Most IT departments are obsessed with the idea of central control. Most geeks are obsessed with tools.

A deep understanding of how IT serves is what I would look for. How it affects the pace, the risks and the opportunities of the enterprise - does it wall up the enterprise or does it allow the enterprise to interact with the world?

Did Van Horne have to know a lot about how steam engines worked, or did he have to know how rail would affect the world as he built the CP railway. He was an engineer - so when folks talked to him about gradients, bridges or tunnels or track - he understood. But what made him world class was how he used the rights to the land around the tracks and used hotels as hubs and how he linked the railway to the Atlantic shipping and how he advertised in Europe and how he understood how the railway would energise a new form of economy that was no longer all local.

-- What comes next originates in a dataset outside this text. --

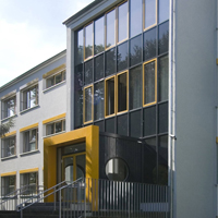 Die äußere Fassadengestaltung wird von einer zurückhaltenden, jedoch durch prägnante Einzelelemente bestimmten Farbhaltung bestimmt.

So my ideal CIO would be Cornelius Van Horne, the chief engineer of the CP railway

  Jim McGee wrote @ November 23rd, 2007 at 9:28 am

Abbie calls it a good “bullshit detector.” I tend to think of it as having a good design sense for how to balance between the state of the art and the state of the possible.

As an engineer, Van Horne somewhere developed an appreciation for how his technologies imposed limits and created opportunities that went beyond more generic knowledge about managing people or budgets.